Cara Mengurangi Pembatalan di Expedia
Kebijakan pembatalan terbaik adalah kebijakan yang tidak pernah perlu digunakan. Sebagai pelaku hotel, tujuan Anda adalah mengubah pemesanan awal menjadi kedatangan yang pasti. Berikut strategi praktis berbasis pengalaman untuk mengurangi tingkat pembatalan secara keseluruhan di platform:
1. Optimalkan Konten dan Foto Listing Anda
Pembatalan oleh tamu sering disebabkan oleh ekspektasi yang tidak terpenuhi. Pastikan listing Expedia Anda menjadi gambaran properti yang jujur sekaligus menarik:
- Foto Berkualitas Tinggi dan Akurat: Tampilkan kondisi kamar yang sebenarnya, bukan distorsi sudut lebar yang menyesatkan. Tampilkan kamar mandi, area umum, dan bagian luar properti dengan jelas.

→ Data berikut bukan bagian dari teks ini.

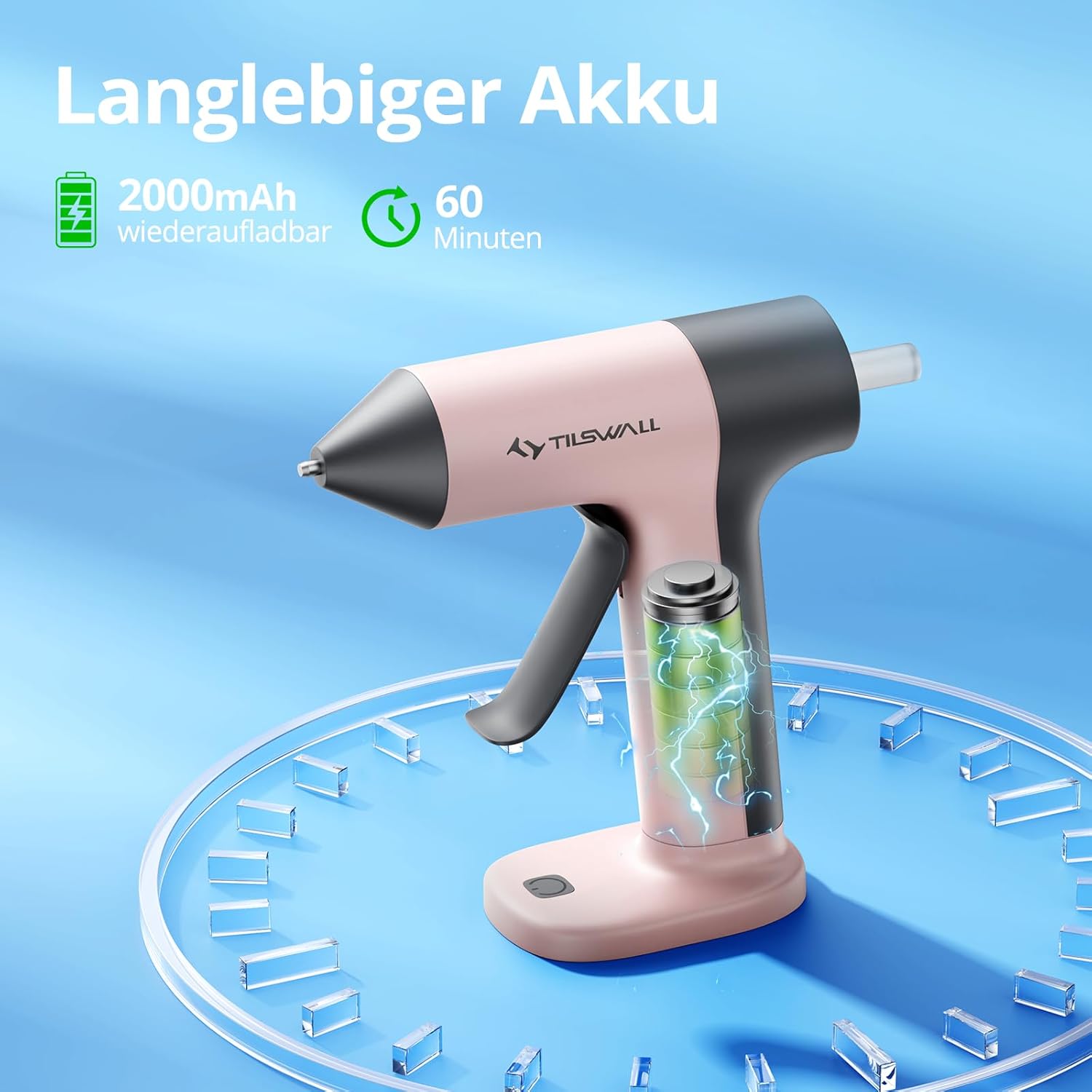 Die Tilswall Akku-Heißklebepistole erreicht ihre Betriebstemperatur in nur 30 Sekunden. Dies ermöglicht schnelles, effizientes Arbeiten ohne lange Wartezeiten, ideal für spontane Bastel- und Reparaturarbeiten.

- Deskripsi Terperinci: Sampaikan secara terbuka potensi kekurangan apa pun, seperti kebisingan jalan, jarak ke landmark, atau jika Hotel tidak memiliki lift. Mengelola ekspektasi sejak awal mencegah tamu membatalkan setelah melakukan riset lebih lanjut.
2. Komunikasi Proaktif dan Personal
Mengurangi pembatalan adalah proses membangun hubungan. Mulai komunikasi segera setelah pemesanan dibuat:
- Pesan Sambutan: Kirim pesan otomatis yang dipersonalisasi tak lama setelah pemesanan. Konfirmasikan masa inap dan sebutkan sesuatu yang unik tentang perjalanan mereka (misalnya, "Kami menantikan kedatangan Anda untuk festival seni lokal!").
- Pengingat Sebelum Menginap: Email yang sopan 7-10 hari sebelum kedatangan untuk mengonfirmasi ulang pemesanan dan menawarkan layanan (misalnya, transfer bandara, reservasi restoran) secara halus memperkuat komitmen tamu terhadap perjalanan, sehingga mereka lebih kecil kemungkinannya untuk membatalkan.
3. Sinkronkan Inventori Anda dengan Sempurna
Pemesanan ganda memaksa Anda membatalkan Reservasi, yang tidak hanya merugikan profit tetapi juga merusak skor performa Hotel Anda di Expedia.
- Terapkan Manajer Saluran: Gunakan Manajer Saluran yang andal untuk memastikan inventori Anda diperbarui seketika di situs web Anda, Expedia, dan semua OTA lainnya. Pendekatan satu sumber kebenaran ini tidak bisa ditawar dalam manajemen properti profesional.
4. Tawarkan Nilai Tambah untuk Pemesanan Langsung
Meskipun Anda tidak dapat menghindari Expedia, Anda dapat memberi insentif kepada tamu agar tetap mempertahankan pemesanan mereka dengan menawarkan nilai tambah kecil yang eksklusif dan hanya diungkapkan setelah pemesanan dibuat. Ini bukan diskon, melainkan peningkatan nilai:
- Contoh Nilai Tambah: Minuman selamat datang gratis, early check-in gratis (tergantung Ketersediaan), atau voucher diskon untuk atraksi mitra lokal. Ini meningkatkan nilai yang dirasakan dari pemesanan dan mendorong tamu untuk tetap datang.
Kesimpulan
Kebijakan pembatalan Expedia bukanlah buku aturan yang statis; ini adalah alat dinamis yang harus Anda, sebagai pelaku hotel, gunakan secara strategis.
Dengan melampaui pengaturan default, Anda dapat menyesuaikan kebijakan agar sesuai dengan kurva permintaan Anda—menggunakan tarif non-refundable untuk mengamankan pendapatan di musim puncak dan tarif fleksibel untuk mendorong volume pada periode yang lebih sepi. Gabungkan penguasaan teknis ini dengan fokus pada komunikasi yang jelas dan pengelolaan ekspektasi tamu, maka Anda akan melihat penurunan pembatalan serta peningkatan signifikan pada profitabilitas properti secara keseluruhan.